“The biggest thing that I see [in Harvard students] is the marriage of academic work and activist work,” he says. “If I just do one or the other, I feel like something’s missing.”
Harvard, says Carr, is one of the main reasons he works in Cambridge—a city he finds fascinating.
“I like this town,” he says. “There’s an extraordinary amount of talent, resources, and brains in this region.”
A Wide Reach
Carr’s donations have stretched from the plains of Idaho to the bustle of Harvard Square to wind-swept Afghanistan—and many places in between.
In 1999, he gave KSG $18 million to start the Carr Center for Human Rights Policy.
Although Carr says he is still occassionally involved in projects with the Center, he says his goal with any project is to be heavily involved at first and then to gradually wean himself from day-to-day involvement.
“I’m very involved in the beginning, and then it gets handed off,” he says. “The idea is to empower people.”

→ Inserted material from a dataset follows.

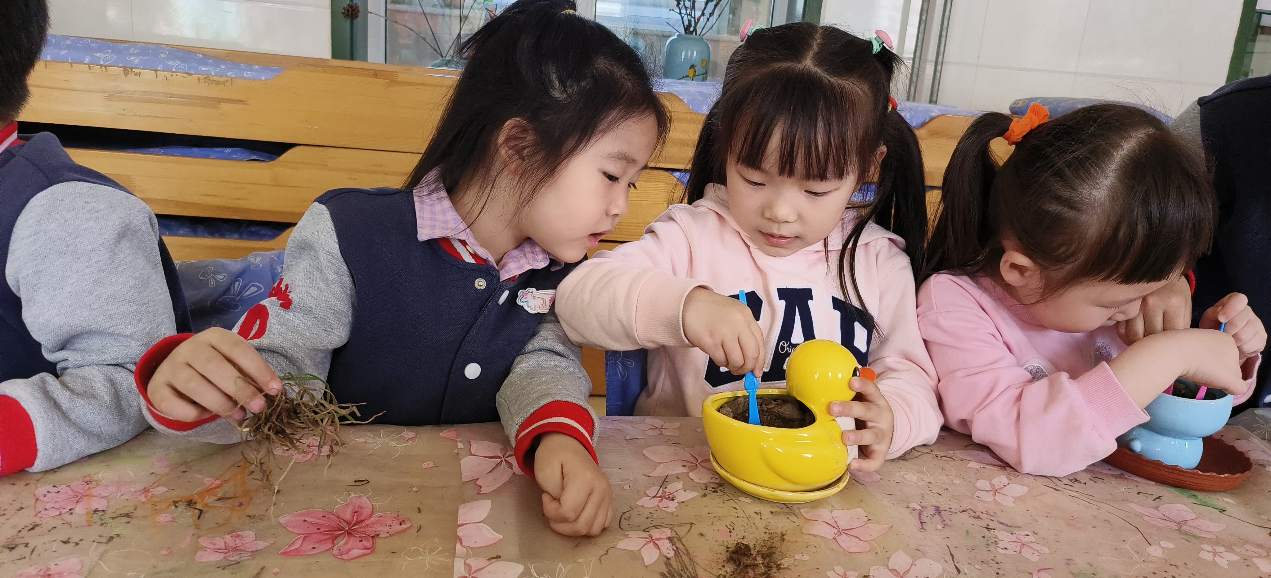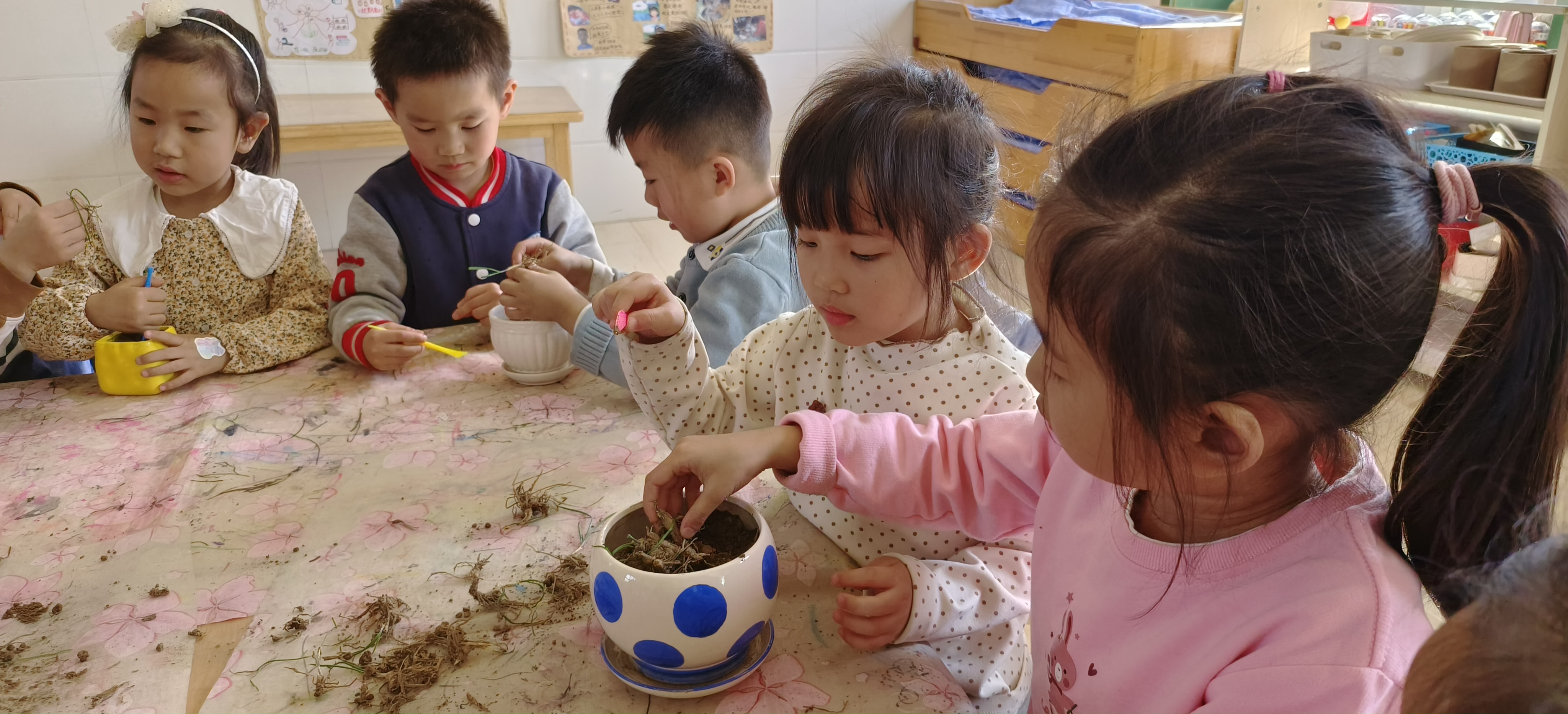 融融春光,万物生长,此时的大地,一派生机。春雷乍动,蛰伏的动物们从泥土中被惊醒,大地开始热闹起来了……在这样寒意渐退,生机渐活的时节,今天我们一起去初园寻找苏醒的小动物们了。通过小朋友们细心地观察,大家发现了好多小动物,有忙着找食物的小蚂蚁,有在池塘里游来游去的小金鱼,还有不小心掉进池塘的小蜜蜂等等,大家都在感慨原来天气真的暖和起来了,小动物们都不在冬眠了。 除了观察小动物,我们还在教室里增加了植物角,王沐泽、董恒屹、赵伊豆三位小朋友带来了草娃娃,何青旸更是从自家菜地里带来了韭菜苗,我们一起把空花盆种上了韭菜苗,教室里瞬间绿色茵茵,充满了生机。 惊蛰到,草木已动;蛰虫醒,万物复苏,一年之计在于春,让我们带着美好的期待,好好享受这充满希望的春天吧!

“He’s an ‘idea man,’” says one of Carr’s employees, Kathryn E. Crewe. “He’s pretty hands-off and trusting.”
Carr’s initiatives have also heavily concerned his home state of Idaho, where he has invested in human rights, including his purchase of the Aryan Nations’ headquarters and its later transfer to a university, the nearby building of a human rights institute and the construction and dedication of an Anne Frank memorial.
Crewe has a mock Idaho license plate above her desk at the Carr Foundation.
Instead of the traditional slogan saying “Famous Potatoes,” it says “Idaho—The Human Rights State.”
And this, in some ways, is Greg Carr’s goal.
Crewe says Carr has become a widely recognized figure across the state for his philanthropy—what she calls a “hometown hero.”
“He’s definitely known as the human rights advocate there,” she explains.